Broadband Ocean Acoustic SimulationDate: 2009-10-20 Add to Google Calendar
Location: Holmes Hall 389
Speaker: Mr Jim Hino
Referentia Systems Inc. has just completed a project for the Center of Excellence for Research in Ocean Sciences (CEROS). The project resulted in a program that simulated acoustic signals received at sensors in response to broadband active sonar.
The goal of the project was to develop an algorithm to generate acoustic waveforms with sufficient fidelity to train broadband active sonar operators. In the real world, the operators listen to the acoustic signals and are tasked with identifying and classifying targets of interest out of the signal. The simulations include reverberation, targets, and clutter designed to fool a trained operator. The challenge with this task is that the human sense of hearing can discern nuances in sound that cannot be generated by computers; hence, if the simulator has sufficient fidelity to fool an expert operator, it can be used to train new operators.
In addition's to the algorithm high fidelity requirement, the system developed has to perform in real-time on a laptop computer for the purpose of integrating in the simulation's target environment which consists of a laptop-based tactical trainer.
The project was successful and resulted in the Naval Air Warfare Center funding Referentia to extend the developed algorithms into other sonar systems.
The technical topics covered will include:
· Principles of underwater sound
· The challenges of multi-static (multiple transmitters and receivers) systems
· Architectural techniques to meet real-time
· Signal processing techniques to analyze and generate audio signals
· Real world recordings and simulated signals
Referentia is an applied research company that has developed numerous technologies in a wide range of domains such as signal processing, network quality of service, network security, high-speed databases, data fusion, mission planning and human behavior detection. Referentia has and will continue to employ UH staff and students. UH graduate student Lauren Gouveia worked on this project as the lead programmer.
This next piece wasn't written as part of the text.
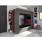 Vente Unique Lit mezzanine gamer 90 x 200 cm Avec bureau et rangements Avec LEDs Anthracite et rouge WARRIOR
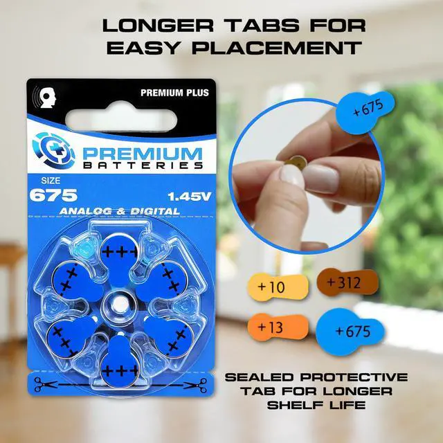 Premium Batteries Size 675 Premium Plus Zinc Air Hearing Aid Batteries 1.45V (60 pcs)

Mr. Jim Hino holds a Master of Science in Electrical Engineering degree from the University of Southern California. He has 29 years of experience in a wide range of disciplines including systems engineering, software development and hardware development. He has patented his design of a 40-bit, symbolic processor. He has also developed a commercial package to graphically design real-time systems. He has designed and developed:
· Distributed, real-time operating systems
· Closed-loop hydrodynamic systems
· Signal processing algorithms for detecting targets in the ocean
· Data fusion algorithms for tracking entities, predicting behavior and predicting intent
Most recently, he has been designing data fusion and signal processing algorithms.